## [WHAT YOU ARE ASKED TO DO]
Repeat only the lines between the one with "お手入れ簡単!水拭きはもちろん、水洗いも可能です。 | |" and the end of the material below, both ends included. Omit any picture.

## [COLLECTED MATERIAL]
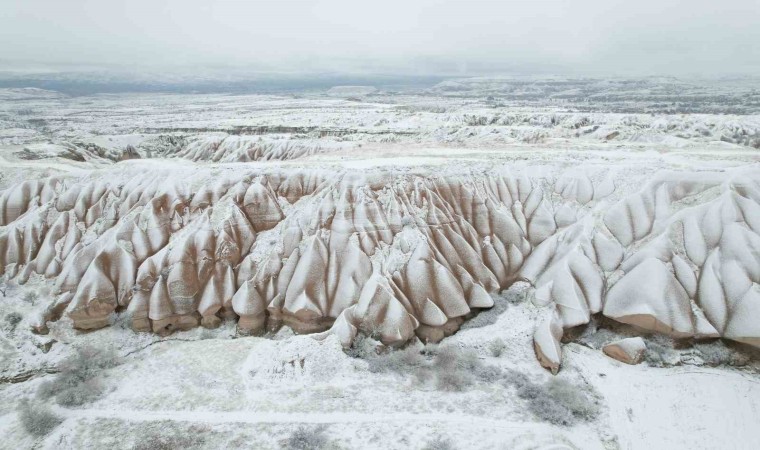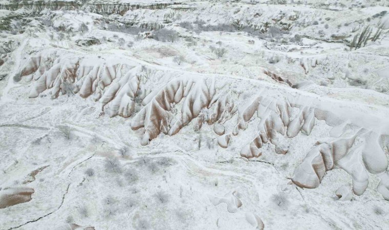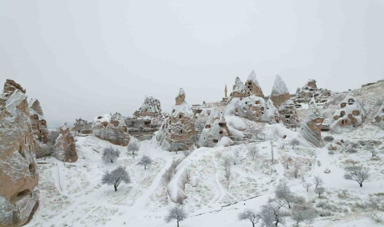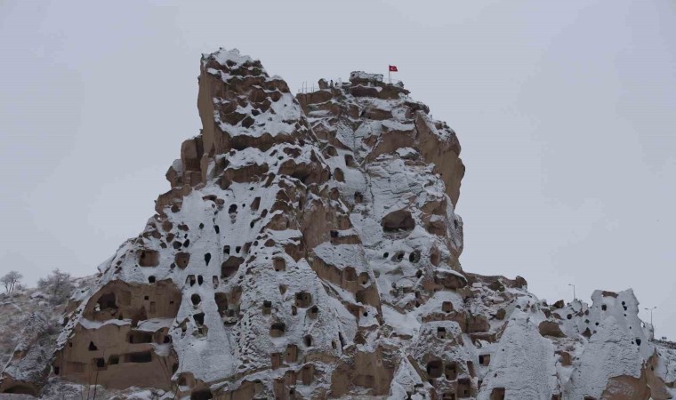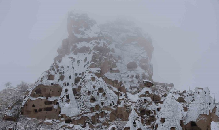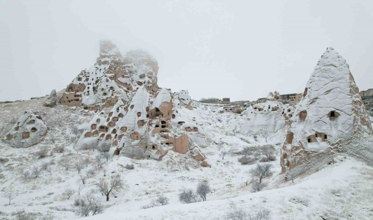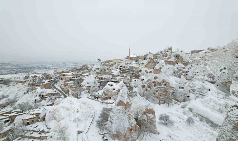 Nevşehir’de akşam saatlerinde başlayan ve aralıklarla devam eden kar yağışının ardından Kapadokya bölgesi beyaz örtüyle kaplandı. Yılda yaklaşık 5 milyon yerli ve yabancı turist ağırlayan Kapadokya bölgesi; kışın da turistlerin ilgi gösterdiği turizm destinasyonları arasında yer alıyor.
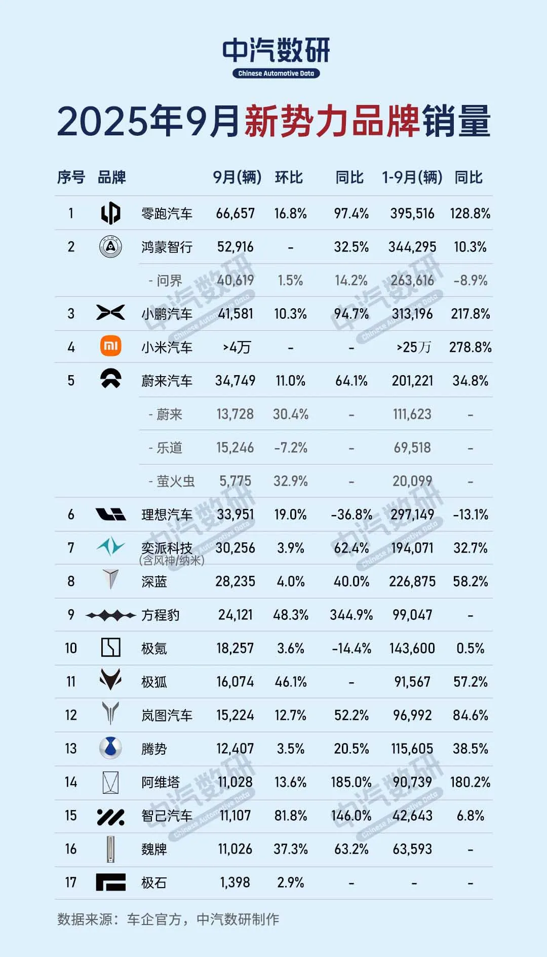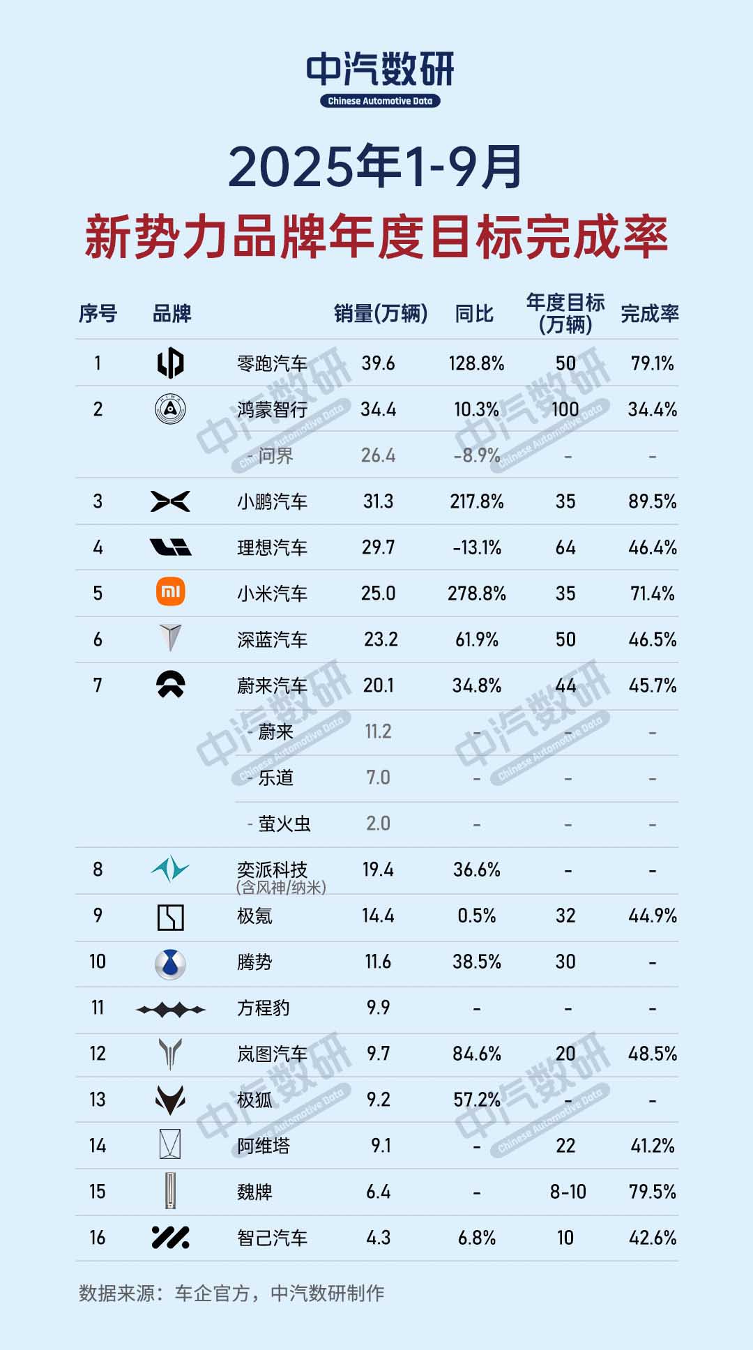 1-9月新势力累计销量及年度目标完成情况:零跑、小鹏、小米、魏牌完成率前四,鸿蒙智行、理想、蔚来掉队
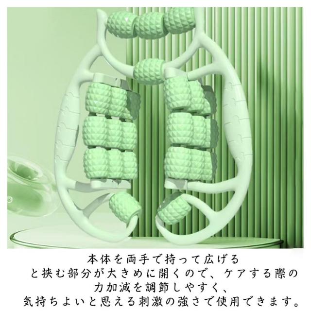 | マッサージローラー 24個ロール付き 簡単お家でリラックスケア ローラーは24個ついているので、太もも、ふくらはぎ、背中、お尻、首、二の腕など、様々な使用箇所にお試しいただけます。 本体を両手で持って広げると挟む部分が大きめに開くので、ケアする際の力加減を調節しやすく、気持ちよいと思える刺激の強さで使用できます。 リラックスタイムにころころすれば、簡単にケアができます。 お手入れ簡単!水拭きはもちろん、水洗いも可能です。 | |
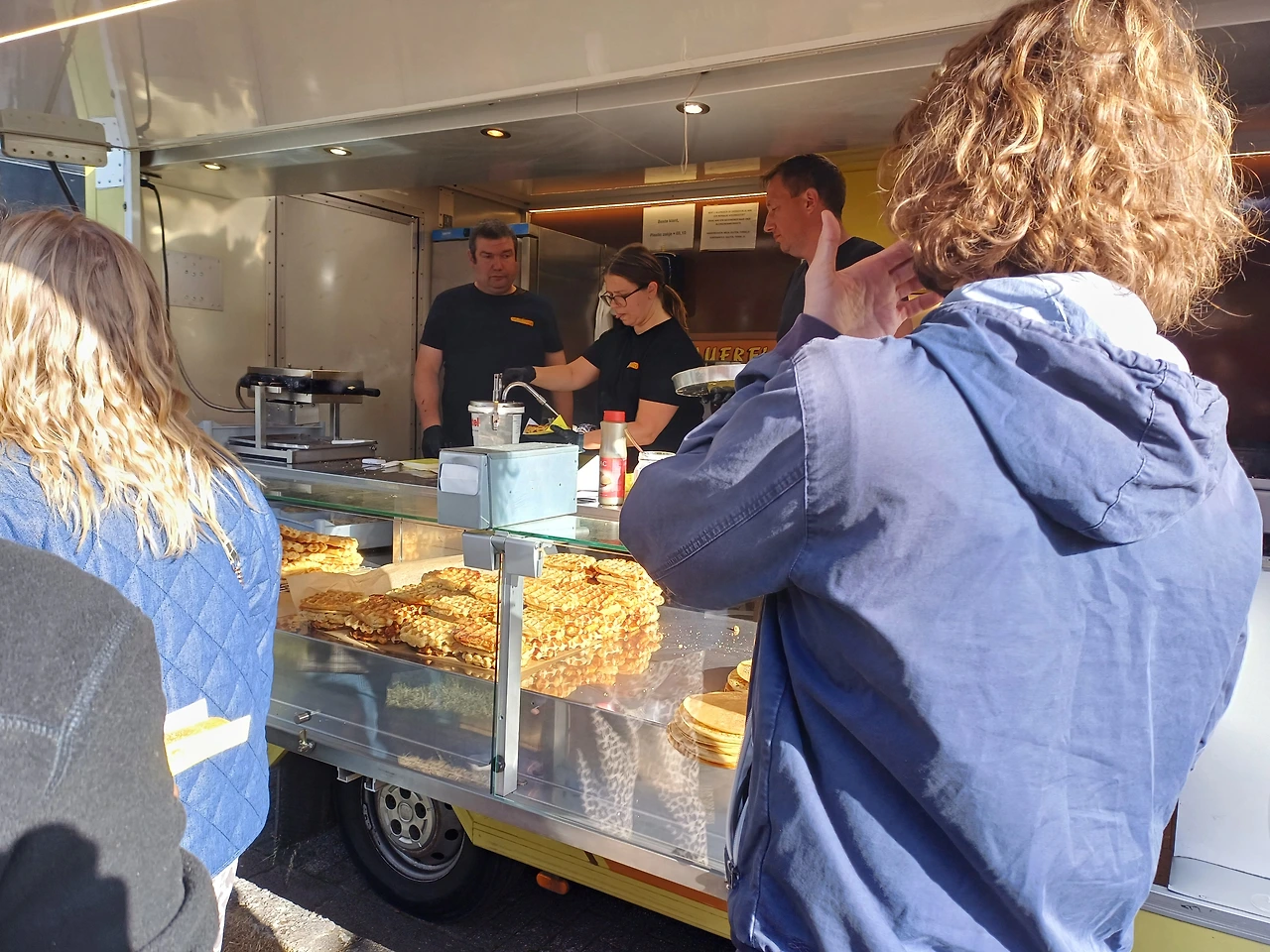 푸드트럭은 피자, 팬케익, 와플, 타코, 햄버거트럭이 쭉 줄지어 있습니다.

## [EXERCISE ANSWER]
 | マッサージローラー 24個ロール付き 簡単お家でリラックスケア ローラーは24個ついているので、太もも、ふくらはぎ、背中、お尻、首、二の腕など、様々な使用箇所にお試しいただけます。 本体を両手で持って広げると挟む部分が大きめに開くので、ケアする際の力加減を調節しやすく、気持ちよいと思える刺激の強さで使用できます。 リラックスタイムにころころすれば、簡単にケアができます。 お手入れ簡単!水拭きはもちろん、水洗いも可能です。 | |
 푸드트럭은 피자, 팬케익, 와플, 타코, 햄버거트럭이 쭉 줄지어 있습니다.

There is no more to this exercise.